::: Input :::
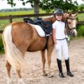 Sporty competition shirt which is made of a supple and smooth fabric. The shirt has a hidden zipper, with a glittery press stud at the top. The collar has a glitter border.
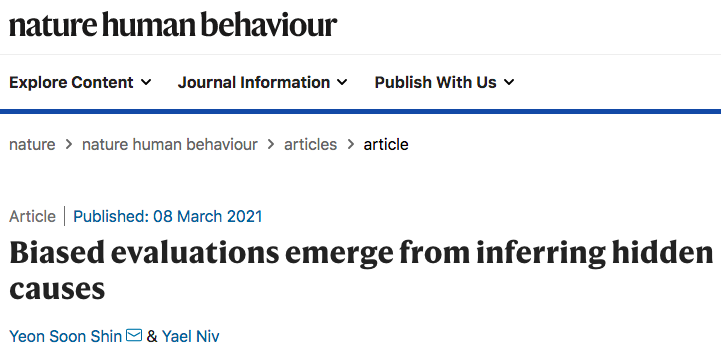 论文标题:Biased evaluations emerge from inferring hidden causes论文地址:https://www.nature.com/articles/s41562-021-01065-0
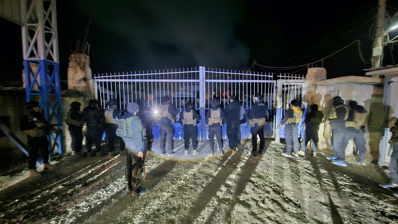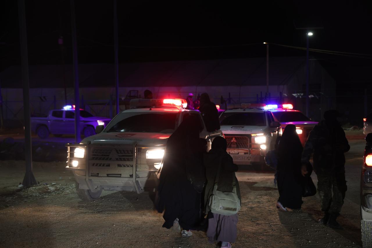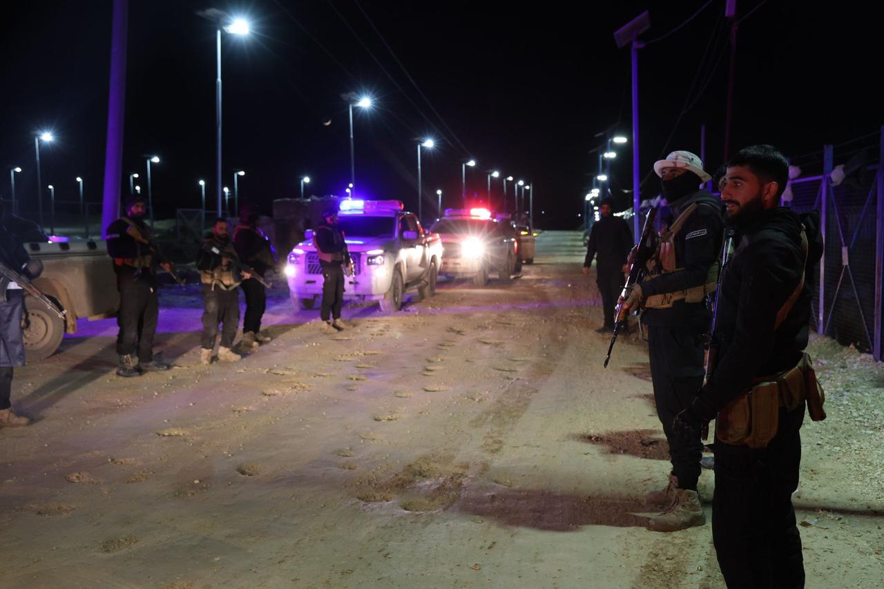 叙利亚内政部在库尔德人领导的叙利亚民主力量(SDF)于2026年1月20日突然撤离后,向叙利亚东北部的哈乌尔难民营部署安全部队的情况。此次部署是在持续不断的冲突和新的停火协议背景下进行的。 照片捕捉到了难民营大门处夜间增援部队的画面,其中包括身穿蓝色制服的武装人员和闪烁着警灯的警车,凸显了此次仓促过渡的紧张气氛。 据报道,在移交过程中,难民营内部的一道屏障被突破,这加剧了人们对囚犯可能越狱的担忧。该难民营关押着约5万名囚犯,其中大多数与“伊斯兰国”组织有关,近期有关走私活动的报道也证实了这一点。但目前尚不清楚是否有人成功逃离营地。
:::
::: Input :::
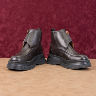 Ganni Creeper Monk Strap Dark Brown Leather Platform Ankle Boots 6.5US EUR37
:::
• _Goal of the exercise_:
In the listing above, find the line containing "Sporty competition shirt" and the line containing "论文标题:Biased evaluations emerge", then write out both of them and every line between, exactly, with no pictures.

• _Written reply_:
 Sporty competition shirt which is made of a supple and smooth fabric. The shirt has a hidden zipper, with a glittery press stud at the top. The collar has a glitter border.
 论文标题:Biased evaluations emerge from inferring hidden causes论文地址:https://www.nature.com/articles/s41562-021-01065-0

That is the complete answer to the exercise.